The framework implements parallel processing of matrix operations and data manipulations invoked by user defined functions. MatrixMap supports high-volume data with pattern-specific fetching and caching across memory and secondary storage.

Algorithms are formulated as a series of matrix patterns, which define sequences of operations on each element. Unary Operator: Map, Reduce; Binary Operator: Plus, Multiply; Mathematical matrix operations are special cases of matrix patterns filled with specific pre-defined lambda functions; User defined lambda functions according to matrix patterns to support various algorithms.

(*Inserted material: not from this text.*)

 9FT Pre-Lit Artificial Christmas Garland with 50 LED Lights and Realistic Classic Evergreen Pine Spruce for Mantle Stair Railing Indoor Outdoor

The data is loaded into Bulk Key Matrix (BKM) which is suitable for large volume data. BKM is a shared distributed data structure which spreads data into whole clusters. It can keep data across matrix patterns. It is constant and cannot be changed, after initiation. BKM is row-oriented or column-oriented. It cannot slice concrete matrix element. BKM use key (string or digit) to index row or column. MatrixMap adopts BSP model, while supporting asynchronous pipeline of IO and processing with data partitioning as shown in Fig. 19 [15].

Fig. 19
figure 19

Implementation of MatrixMap

There are many applications of matrix patterns like logistic regression, alternating least squares, all pairs shortest path, Pagerank among other applications. When compared with Spark, it achieved 20% improvement on execution time - the more iterations, the better as shown in Fig. 20.

Fig. 20
figure 20

MatrixMap performance w.r.t. Spark

MatrixMap provides powerful yet simple abstraction, consisting of a distributed data structure called bulk key matrix and a computation interface defined by matrix patterns. Users can easily load data into bulk key matrices and program algorithms into parallel matrix patterns. MatrixMap outperforms current state-of-the-art systems by employing three key techniques: matrix patterns with lambda functions for irregular and linear algebra matrix operations, asynchronous computation pipeline with optimized data shuffling strategies for specific matrix patterns and in-memory data structure reusing data in iterations. Moreover, it can automatically handle the parallelization and distribute execution of programs on a large cluster.

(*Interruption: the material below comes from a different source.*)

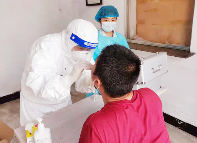 ? ? ? ?在疫情防控的關(guān)鍵階段,青口鹽場(chǎng)衛(wèi)生服務(wù)站積極響應(yīng)上級(jí)號(hào)召和指示,迅速設(shè)立核酸檢測(cè)點(diǎn),對(duì)轄區(qū)內(nèi)外市來(lái)連返連人員全員進(jìn)行核酸檢測(cè)。根據(jù)疫情防控要求,檢測(cè)點(diǎn)責(zé)任醫(yī)生和護(hù)士身穿三級(jí)防護(hù)服,依次對(duì)被檢測(cè)人員登記,測(cè)溫、驗(yàn)碼、詢問(wèn)癥狀體征和流行病學(xué)史,嚴(yán)格執(zhí)行規(guī)范化檢測(cè)程序。此外,檢測(cè)點(diǎn)安排專人每日嚴(yán)格落實(shí)場(chǎng)所消殺工作,確保檢測(cè)場(chǎng)所安全。

6 Conclusion and Future Directions

The purpose of this chapter is to survey various existing programming platforms for big data analysis. We have enumerated various essential features that a programming environment should possess for big data analysis. The prominent programming platforms have been discussed in brief to give an insight into their purpose, programming model, implementation and features. The comparisons of existing programming platforms against various features have been summarized as well as the need for a unifying framework and our proposed MatrixMap framework that implements machine learning and graph based algorithms using matrices as language constructs, which can handle large data in an efficient manner. In future, we would investigate more in unifying framework for different big data platforms, and improve the MatrixMap framework so that multiple machine learning algorithms can be implemented for different kinds of data. In summary, we can say that research and development of big data programming platforms are driven by real world applications and key industrial stakeholders and it’s a challenging but compelling task. Programming platforms for handling big data specially streaming data are still evolving. Samza [9] is a recent addition to programming platforms for streaming data. The concept of “Lambda Architecture” that integrates batch processing and real time processing together in a harmonious way in terms of batch, speed and serving is also an area of interest for the researchers. The integration of different big data programming platforms is an open challenge with various issues related to task scheduling, resource allocation and model mapping to be resolved; while designing new platforms to better perform big data analysis in different application scenarios is another one. Developing a higher-level programming support on top of multiple models can help ease and shorten the development of big data applications.